For the retail real-estate sector this is significant. Many had assumed that malls and outlet centres were permanently impaired by e-commerce and hybrid-shopping habits—but Simon’s results suggest that well-positioned retail real-estate is showing resilience. The uptick in base minimum rent per square foot reflects stronger-than-expected pricing power. In an environment of elevated interest rates and soft property sales, having a stable occupancy rate near 96% gives a major retail REIT the confidence to raise its guidance. If Simon’s performance is any guide, other retail centres may also be moving from survival mode to selective growth mode.

That said, the good news comes with caveats.

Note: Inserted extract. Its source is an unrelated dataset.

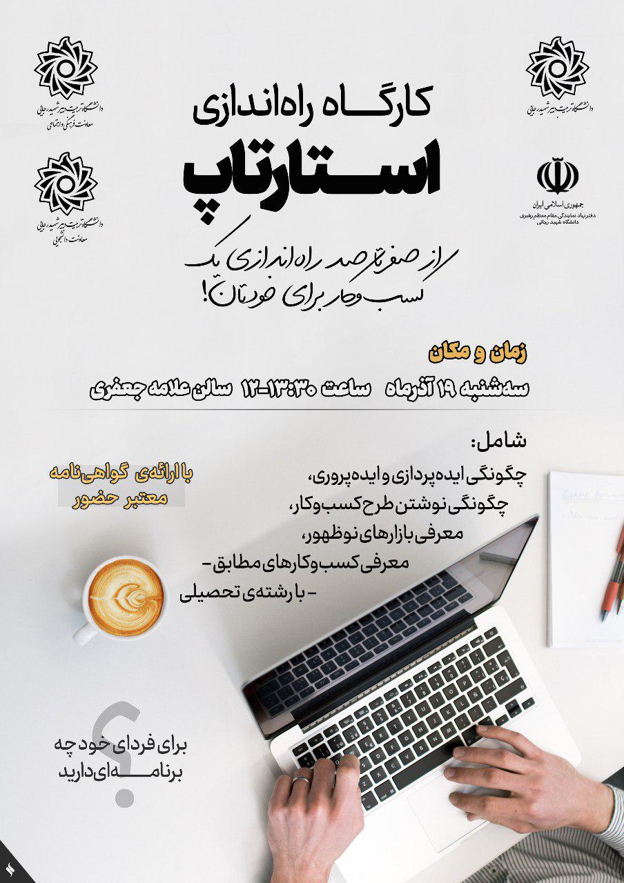 کارگاه را ه انداری استارتاپ روز سه شنبه ۱۹ آذر ماه مطابق با اطلاعات پوستر ذیل برگزار خواهد شد.
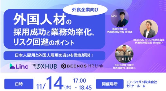 BEENOS株式会社(東証プライム:3328)の連結子会社で、特定技能雇用を包括支援するBEENOS HR Link株式会社(以下「BEENOS HR Link」)は株式会社Linc、株式会社DXHUBと合同で外食企業向けセミナー「外国人材の採用成功と業務効率化、リスク回避のポイント」を開催します。

The strong leasing and occupancy are concentrated in an upper-tier subset of retail like luxury, outlets, “experiential” malls, so the broader sector may not uniformly benefit. Rising costs, supply-chain uncertainty for tenants, and shifting consumer behaviour (especially among younger shoppers) still loom. For other landlords, matching Simon’s results may be difficult if they have less desirable locations or tenant mixes. And while FFO is up, valuations and cap rates remain under pressure in the broader CRE market, which means any upside may be muted. Retail real estate has been incredibly resilient but the winners likely will be the best assets in the best locations and leases to operators who are able to adapt to the quickly changing retail trends.